Heureusement, la Fondation ne semble pas se faire trop d’alliés : le rapport de STOP démontre qu’elle peine à établir des relations avec des scientifiques crédibles de la lutte antitabac, à publier ses études dans des revues reconnues et à garder son personnel clé. Sans compter que l’Organisation mondiale de la santé (OMS) a rapidement publié une déclaration disant qu’elle ne s’associerait pas à la Fondation, et que les gouvernements et la communauté de la santé publique devraient suivre son exemple.
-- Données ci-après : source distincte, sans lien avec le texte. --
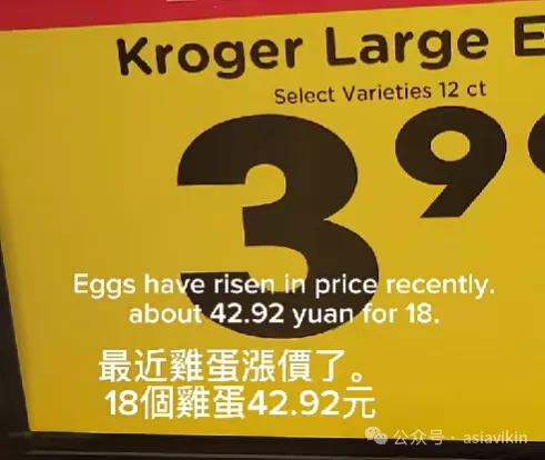 然後想買雞蛋(18個,5.98美元合42.92元)其實漲價了,但是也已經賣光了。

En 2019, des centaines d’experts mondiaux de la santé publique ont publié une lettre ouverte allant dans le même sens.

PMI « sans fumée » pour Prétentions Malhonnêtes et Illogiques

En somme, les revendications de PMI voulant qu’elle abandonne les cigarettes et cherche à créer un avenir sans fumée sont un pur exercice de relations publiques destiné à lui permettre d’accéder aux divers milieux politiques et de protéger ses intérêts. Après tout, la réalisation de ses ambitions d’un monde « sans fumée » ferait mourir l’entreprise elle-même! En effet, PMI n’aurait probablement plus aucun consommateur d’ici quelques décennies si l’on se fiait  au slogan de sa dernière campagne de relations publiques, Unsmoke : « si vous ne fumez pas, ne commencez pas; si vous fumez, arrêtez; si vous n’arrêtez pas, changez [pour les cigarettes électroniques ou les HTP] »! Ce message dénote un objectif d’affaires complètement illogique et donc, assurément malhonnête. Par conséquent, à la lecture du rapport de STOP, il va de soi que les gouvernements, les professionnels et les groupes de santé doivent continuer à surveiller de très près les faits, les gestes et les prétentions de Philip Morris International et de sa Fondation.